Pilgrims for the Creative Economy



Alden Wilson, longtime executive director of the Maine Arts Commission, dropped by yesterday for a visit on the wide porch of the Hooper Cottage. I had contacted him in my capacity as chair of the Western States Arts Federation (WESTAF), in order to learn more about Maine's groundbreaking "Creative Economy" initiative. The great state of Maine, it turns out, is a national leader in linking cultural investments with increased levels of creativity and innovation in the economic sector. Alden has been a visionary and an infantryman in a long campaign, and now arts and econonic growth wonks from all over the world are making pilgrimages to Maine to find out how he's done it.

Which brings me to the Pilgrims. On the phone from Denver, I found out that Alden's mother spends much of her summer in Ocean Park, a few blocks from my family's place. During our visit yesterday, I learned that she worked for many years at Bates College in Lewiston, the home of my father's grandfather, William B. Skelton, a big man at Bates himself and a one-time mayor of the city. I suspected that the final link would be the Mayflower, given Alden's non-trendy first name. And sure enough, his family has proudly named somone in every generation after John Alden, just as mine has reverently tracked and reminded each new generation of our direct descendancy from John and Priscilla, who got the whole "Came Over on the Mayflower" thing off to a rousing start by having 10 children.

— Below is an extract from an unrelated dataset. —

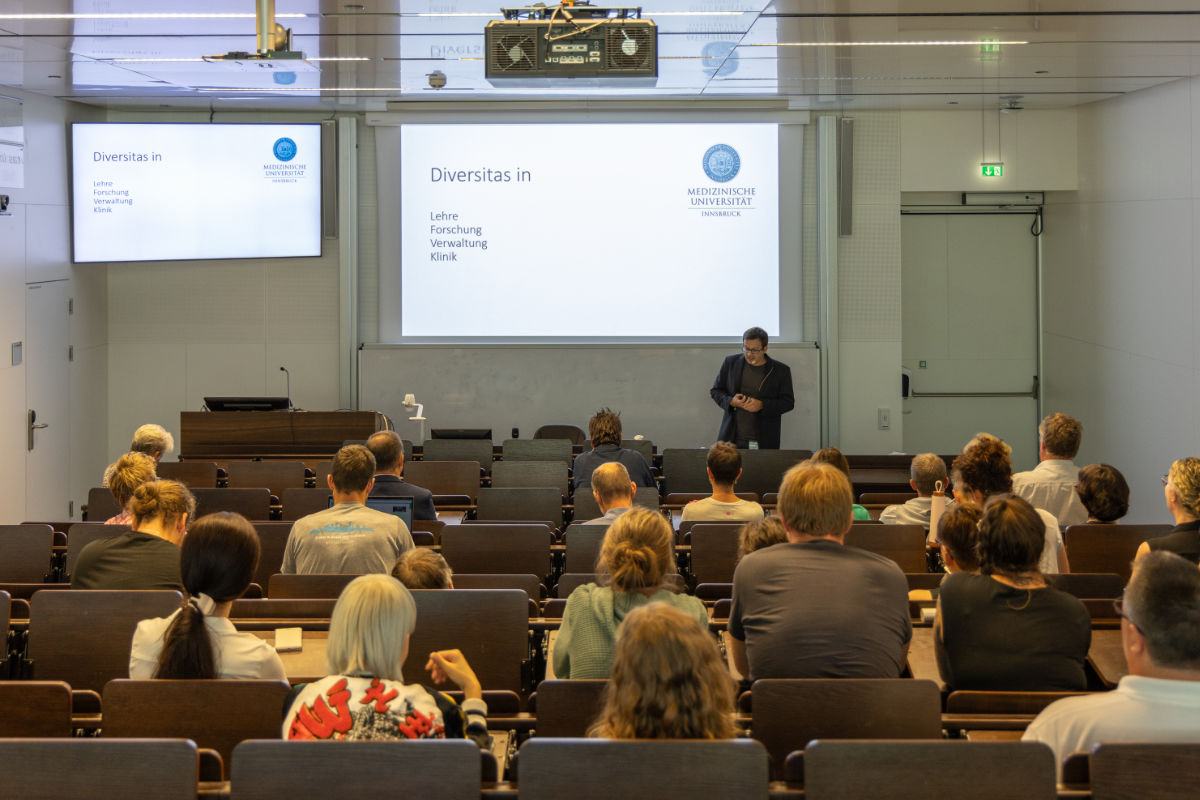 Wie kommt Diversität in die Grundlagenforschung? Im Rahmen der „Woche der Vielfalt“ widmete die Koordinationsstelle Gleichstellung, Frauenförderung und Diversität dieser Frage einen Nachmittag im Biozentrum von Medizinischer Universität und Leopold-Franzens-Universität Innsbruck. Medizin-Uni-Vizerektor Wolfgang Prodinger begrüßte die Gäste und moderierte die Veranstaltung. Veronika Sexl, Rektorin der Universität Innsbruck betonte in ihren einleitenden Worten, die Notwendigkeit ein größeres Bewusstsein für Diversität in Lehre und Forschung zu schaffen und allen Hürden und Widerständen zu trotzen. „Universität lebt von Vielfalt und braucht Entgrenzung für Ideen und Originalität. Nur mit einem 360 Grad Rundumblick können wir das wissenschaftliche Potenzial erschließen. Wir müssen das Ineinanderfließen der Disziplinen fördern, Frauen in die Universität bringen sowie Bewusstsein und Rahmenbedingungen schaffen, um Diversität in die Grundlagenforschung zu bringen“, sagte die Rektorin.

Alden Wilson, Maine's forward-thinking governor John Elias Baldacci, and other leaders are creating a new compact among creative people in the arts and creative people in business and government. Even having survived as many battles as I know he must have fought, Alden has a creator's fresh energy when he talks about the future. I like to think it's a straight line to him from the bewildered band of Pilgrims who created a new England nearly four centuries ago. And thanks to my own New England links, I will have a chance to bring some of Alden's fire back to Denver, where WESTAF is working to revitalize advocacy for arts and culture in the West through a research initiative concluding this fall.